(Available data)
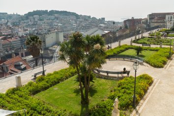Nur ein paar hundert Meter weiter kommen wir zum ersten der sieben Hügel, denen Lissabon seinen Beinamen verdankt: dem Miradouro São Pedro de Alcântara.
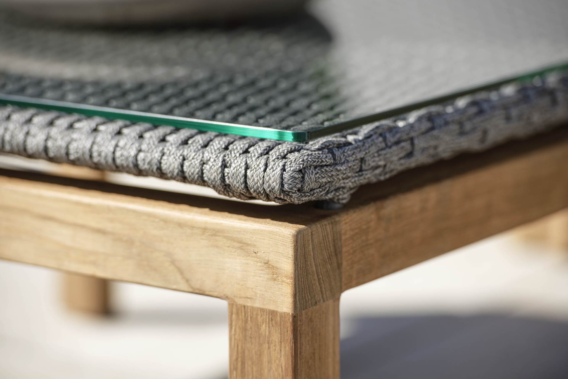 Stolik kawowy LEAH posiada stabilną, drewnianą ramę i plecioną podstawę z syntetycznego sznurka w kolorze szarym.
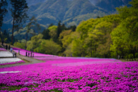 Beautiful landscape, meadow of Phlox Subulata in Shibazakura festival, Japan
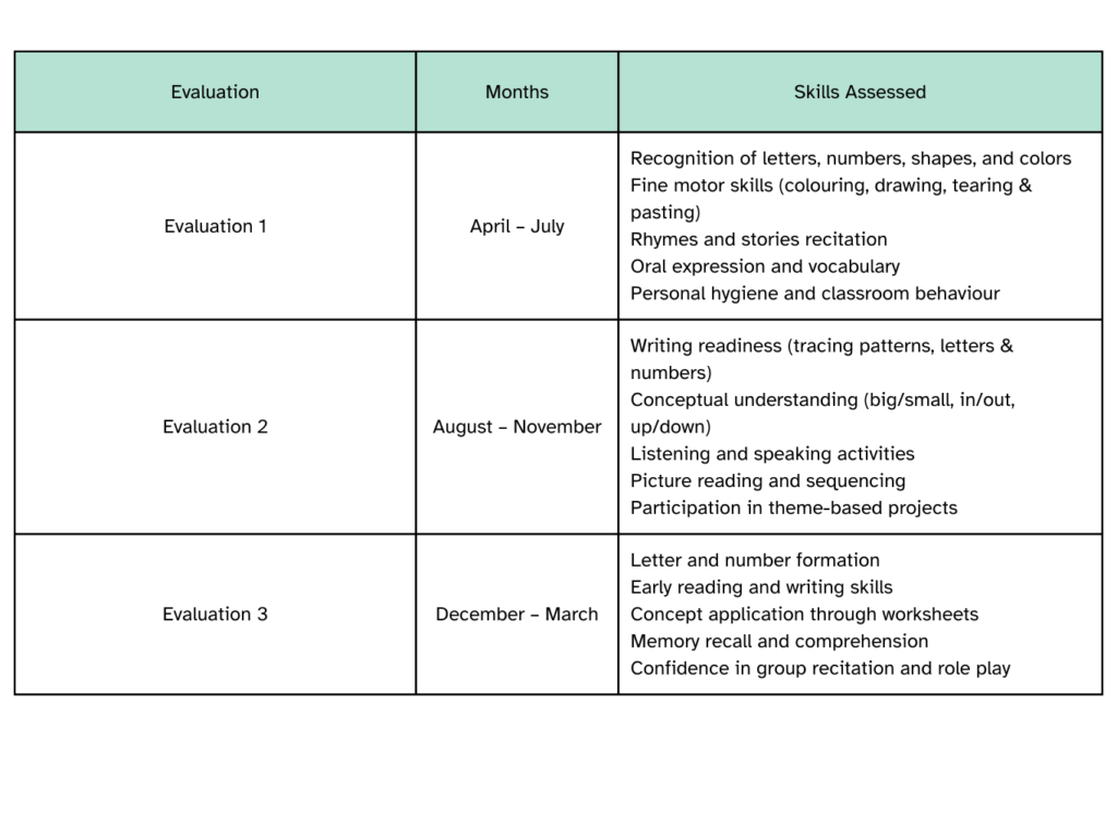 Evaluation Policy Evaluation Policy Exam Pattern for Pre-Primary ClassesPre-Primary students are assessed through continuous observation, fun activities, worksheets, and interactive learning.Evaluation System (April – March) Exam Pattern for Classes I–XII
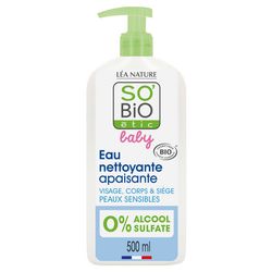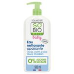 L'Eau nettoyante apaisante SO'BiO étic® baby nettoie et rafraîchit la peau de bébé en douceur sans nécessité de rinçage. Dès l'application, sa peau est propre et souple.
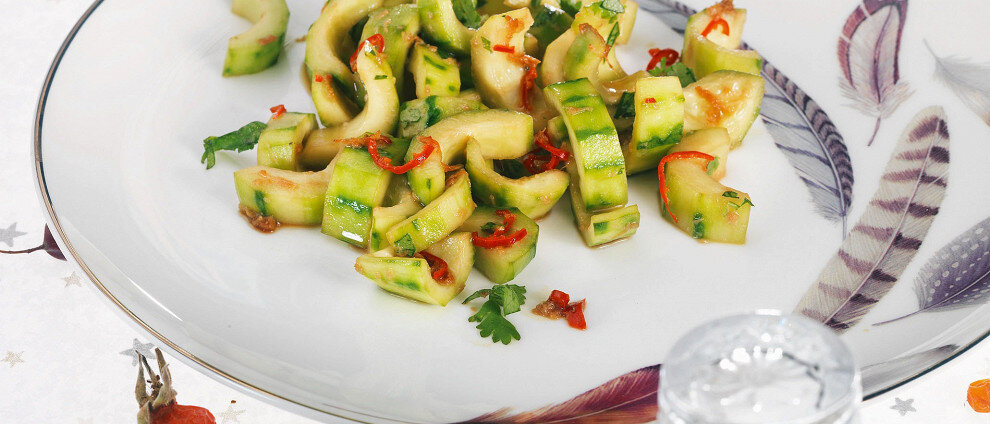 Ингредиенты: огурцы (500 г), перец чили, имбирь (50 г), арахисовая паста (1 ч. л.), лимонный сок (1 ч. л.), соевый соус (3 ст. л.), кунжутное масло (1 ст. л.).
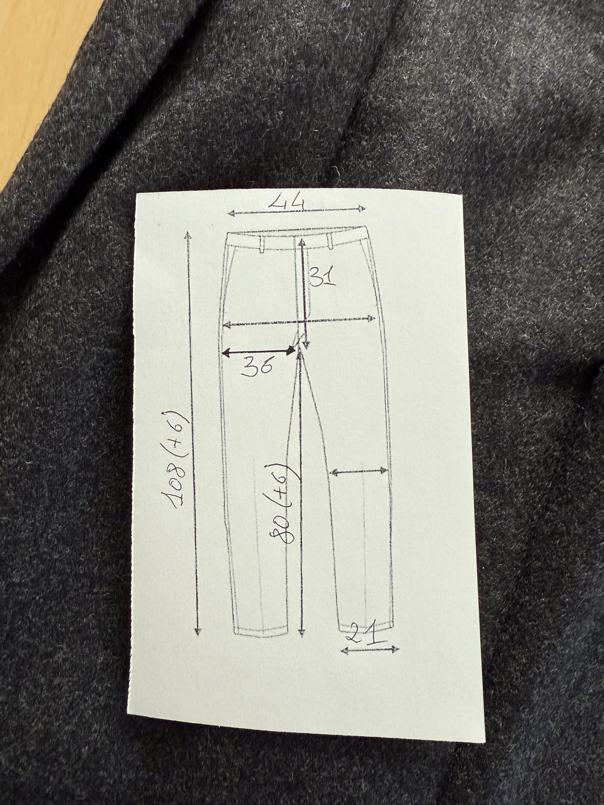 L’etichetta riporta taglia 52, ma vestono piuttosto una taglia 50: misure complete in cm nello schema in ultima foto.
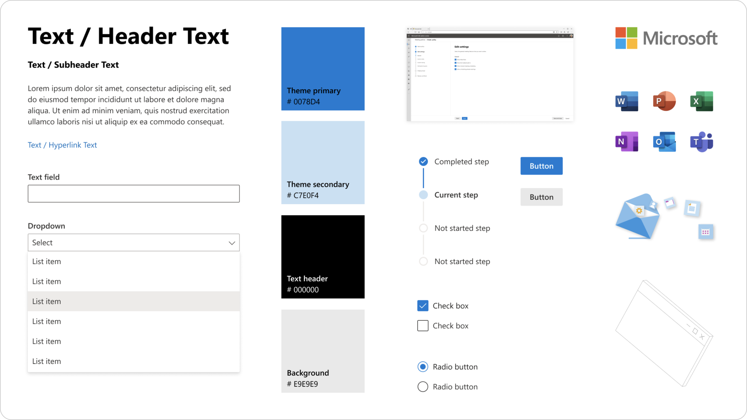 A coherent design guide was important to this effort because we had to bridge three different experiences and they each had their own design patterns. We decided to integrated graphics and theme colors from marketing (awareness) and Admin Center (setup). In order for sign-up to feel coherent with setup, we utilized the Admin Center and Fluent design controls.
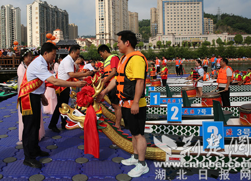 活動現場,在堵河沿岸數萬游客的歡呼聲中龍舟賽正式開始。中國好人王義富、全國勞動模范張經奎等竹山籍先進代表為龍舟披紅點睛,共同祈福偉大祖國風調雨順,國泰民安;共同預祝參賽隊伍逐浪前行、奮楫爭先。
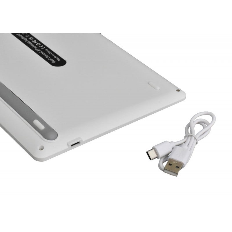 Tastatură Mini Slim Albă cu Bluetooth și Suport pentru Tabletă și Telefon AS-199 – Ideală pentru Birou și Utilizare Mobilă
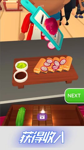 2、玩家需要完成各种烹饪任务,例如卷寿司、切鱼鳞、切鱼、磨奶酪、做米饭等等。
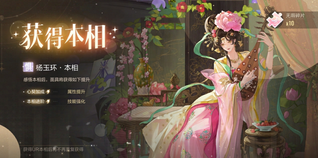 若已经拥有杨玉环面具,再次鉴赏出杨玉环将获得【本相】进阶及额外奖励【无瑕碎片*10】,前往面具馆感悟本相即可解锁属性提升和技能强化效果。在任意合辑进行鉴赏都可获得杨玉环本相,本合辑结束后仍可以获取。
...
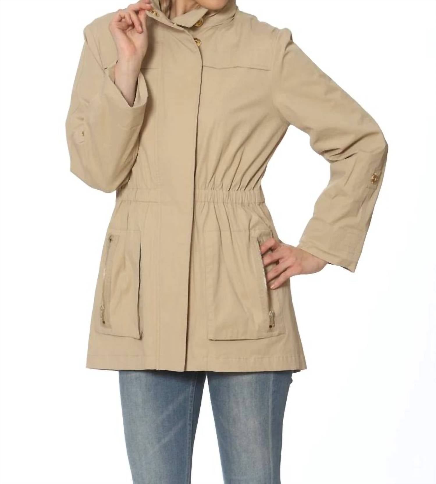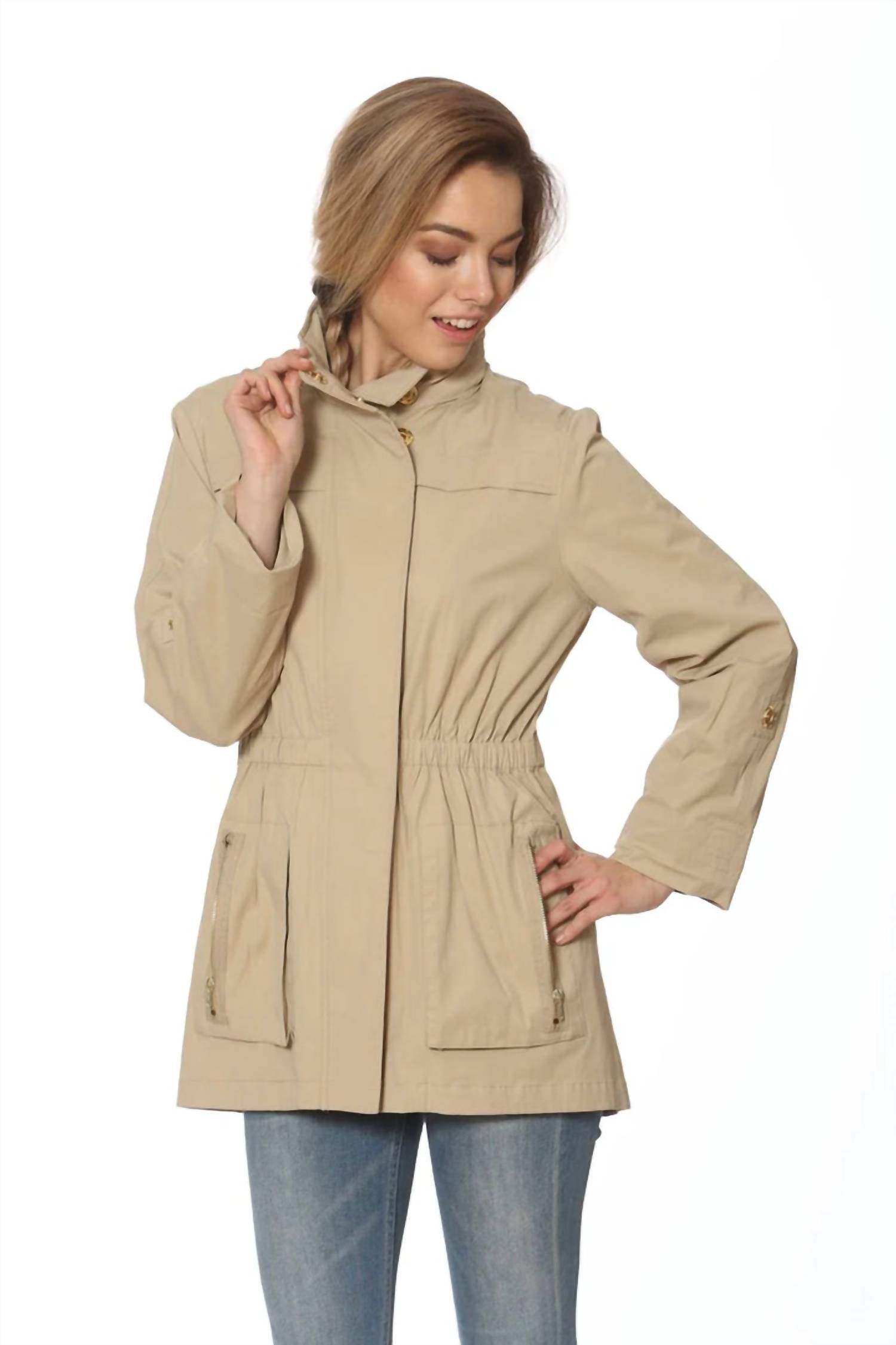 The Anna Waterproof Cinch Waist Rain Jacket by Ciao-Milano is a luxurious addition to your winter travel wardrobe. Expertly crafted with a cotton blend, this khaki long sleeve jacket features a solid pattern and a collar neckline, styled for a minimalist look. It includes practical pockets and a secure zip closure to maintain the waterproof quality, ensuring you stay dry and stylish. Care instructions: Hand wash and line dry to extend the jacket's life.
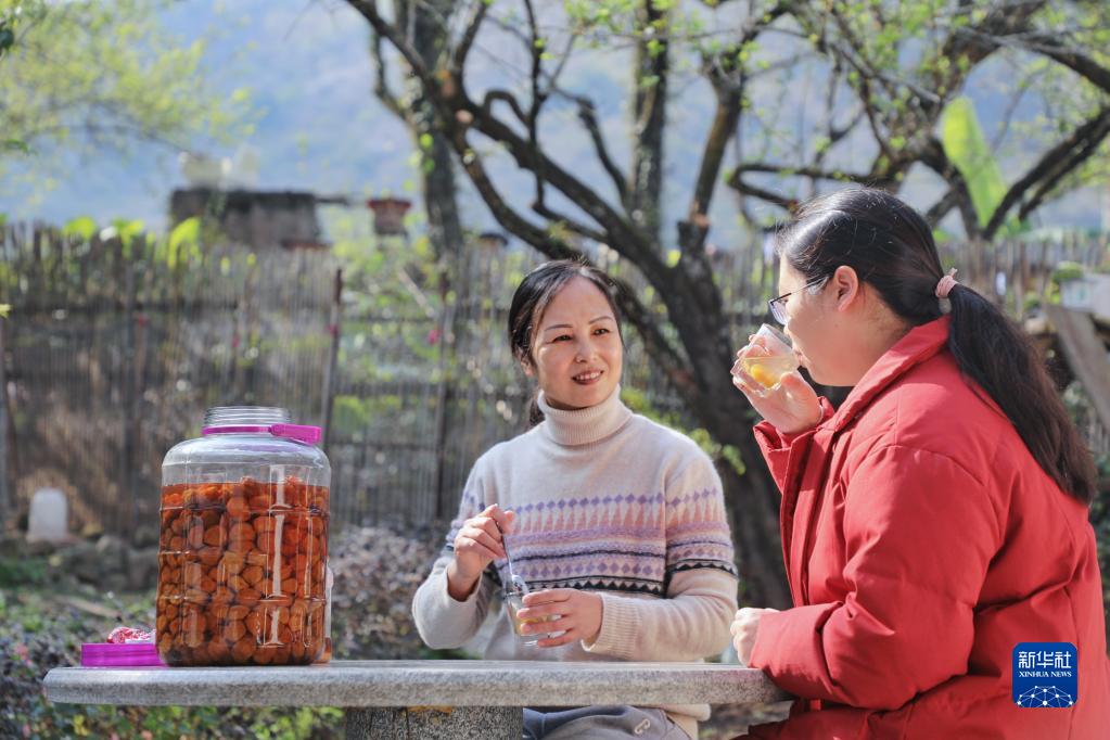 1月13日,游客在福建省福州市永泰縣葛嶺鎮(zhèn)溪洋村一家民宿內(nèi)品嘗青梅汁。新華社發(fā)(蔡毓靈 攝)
==
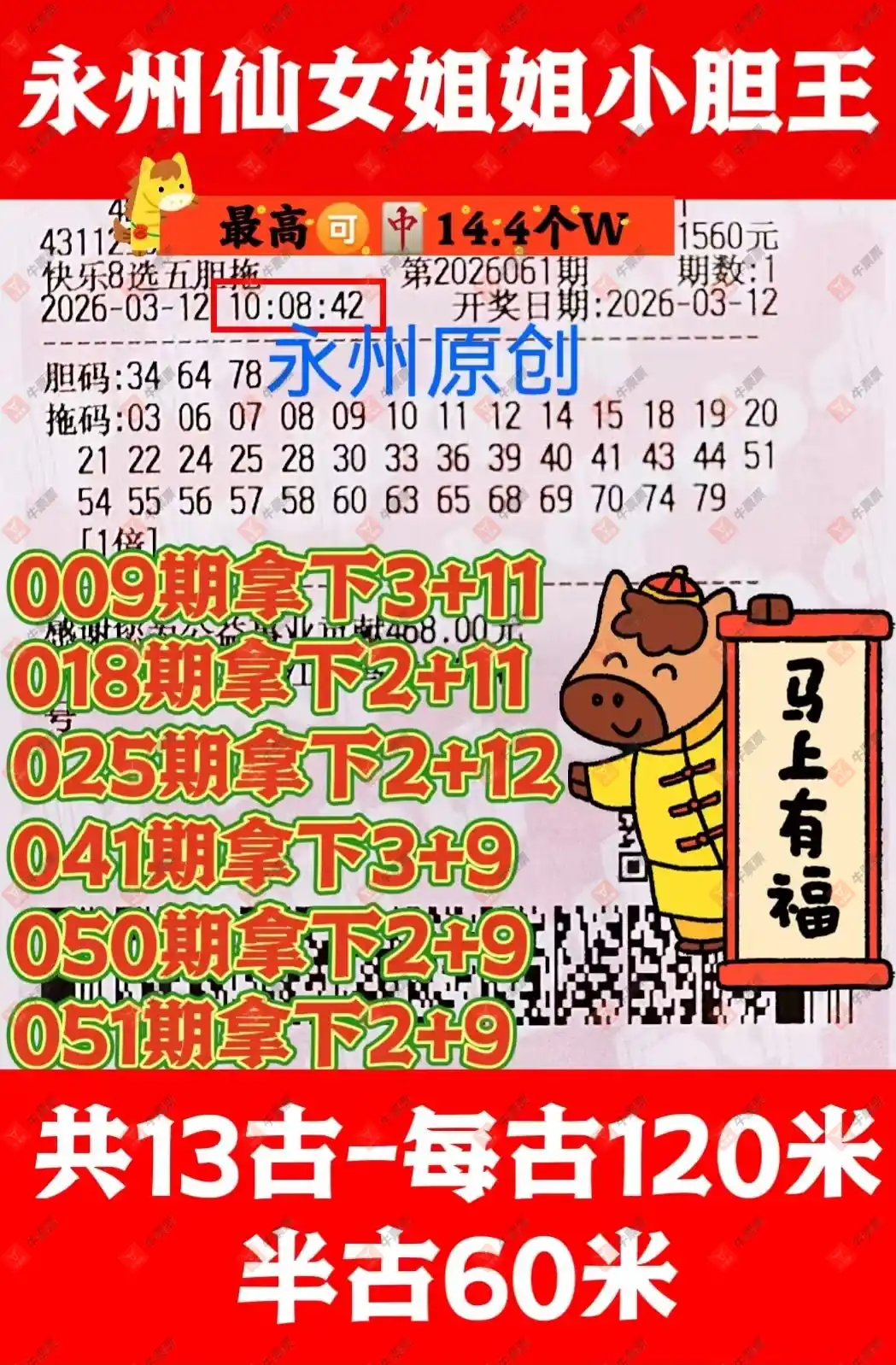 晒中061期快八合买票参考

(Exercise description) Leaving all pictures out, output exactly the lines of the material above from the line with "Tastatură Mini Slim" to the line with "若已经拥有杨玉环面具,再次鉴", both included.

(Written answer)
 Tastatură Mini Slim Albă cu Bluetooth și Suport pentru Tabletă și Telefon AS-199 – Ideală pentru Birou și Utilizare Mobilă
 2、玩家需要完成各种烹饪任务,例如卷寿司、切鱼鳞、切鱼、磨奶酪、做米饭等等。
 若已经拥有杨玉环面具,再次鉴赏出杨玉环将获得【本相】进阶及额外奖励【无瑕碎片*10】,前往面具馆感悟本相即可解锁属性提升和技能强化效果。在任意合辑进行鉴赏都可获得杨玉环本相,本合辑结束后仍可以获取。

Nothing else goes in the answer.